Brief: From the line containing "Комплект из 3" to the last line of the listing, transcribe exactly and add nothing else; keep both ends and omit pictures.

Dataset content:

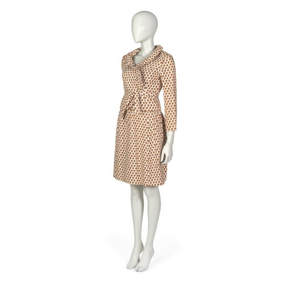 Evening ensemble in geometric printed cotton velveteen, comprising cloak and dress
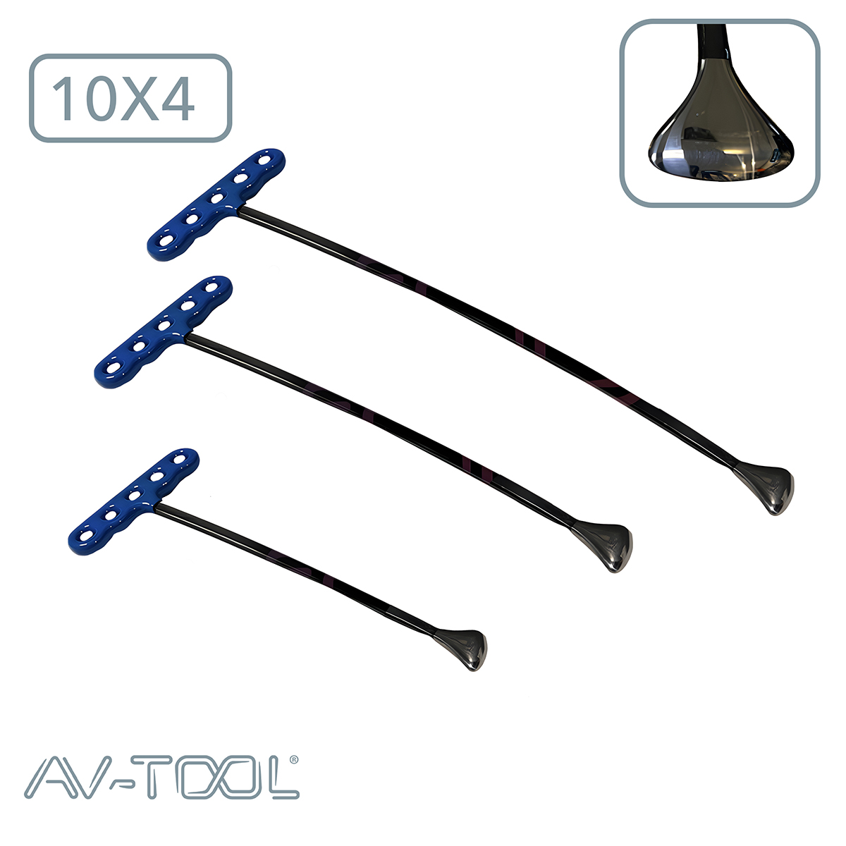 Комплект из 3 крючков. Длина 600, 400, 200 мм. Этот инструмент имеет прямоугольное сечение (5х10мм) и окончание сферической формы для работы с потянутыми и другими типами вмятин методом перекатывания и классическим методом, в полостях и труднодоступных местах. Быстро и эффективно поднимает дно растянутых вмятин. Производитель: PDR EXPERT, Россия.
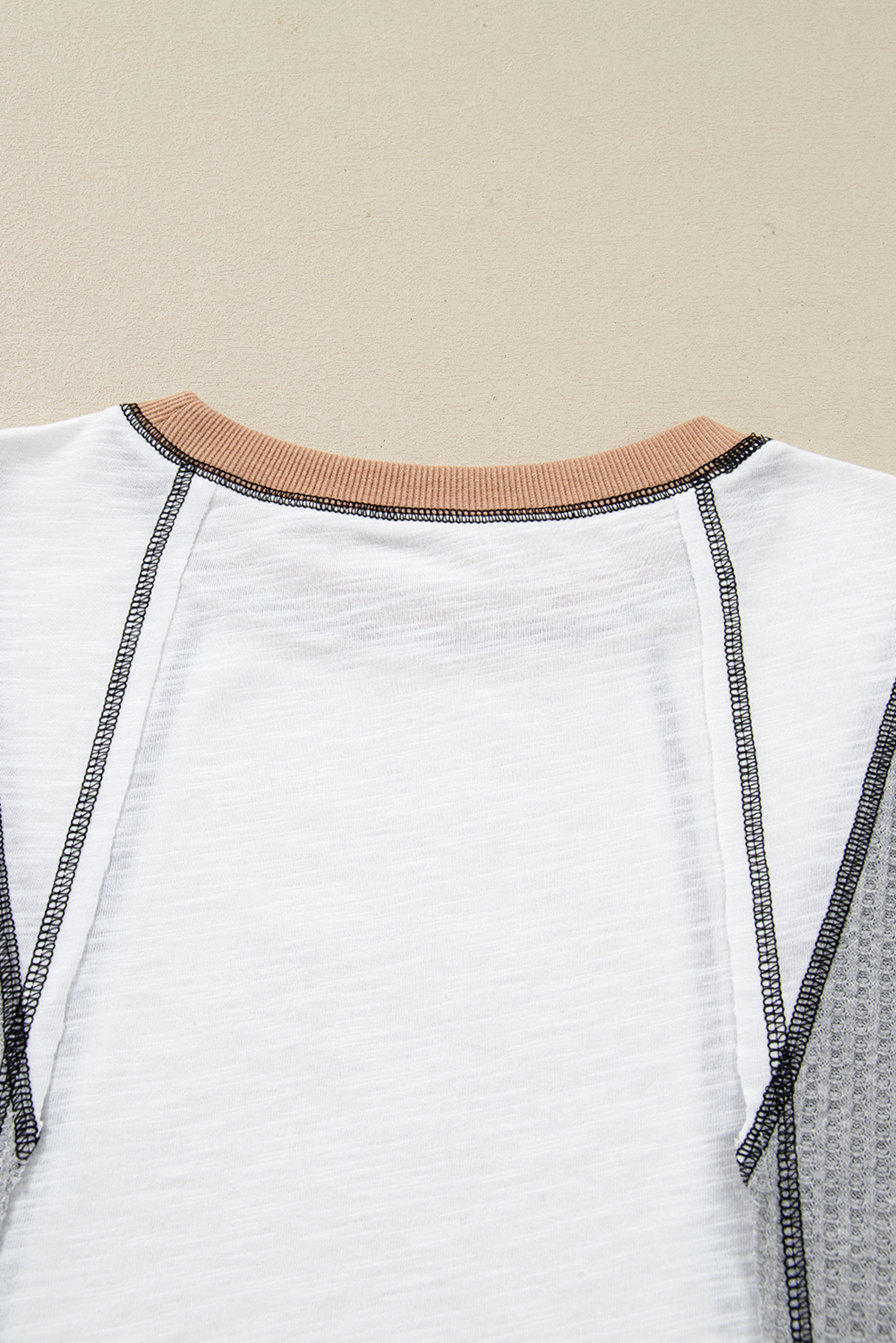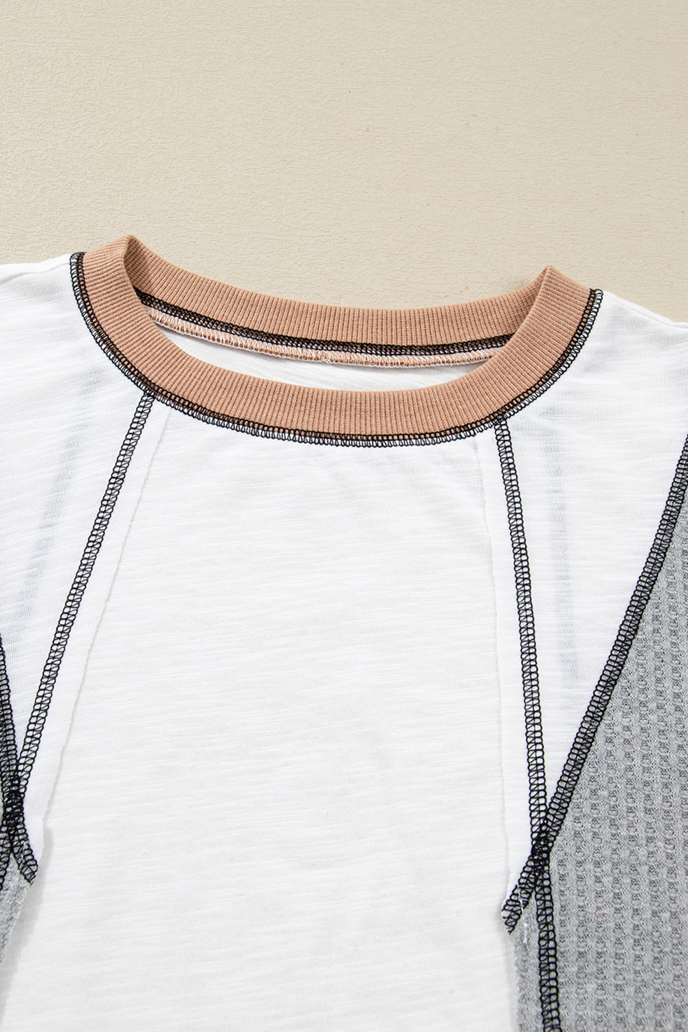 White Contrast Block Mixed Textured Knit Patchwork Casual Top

Output for this exercise:
 Комплект из 3 крючков. Длина 600, 400, 200 мм. Этот инструмент имеет прямоугольное сечение (5х10мм) и окончание сферической формы для работы с потянутыми и другими типами вмятин методом перекатывания и классическим методом, в полостях и труднодоступных местах. Быстро и эффективно поднимает дно растянутых вмятин. Производитель: PDR EXPERT, Россия.
 White Contrast Block Mixed Textured Knit Patchwork Casual Top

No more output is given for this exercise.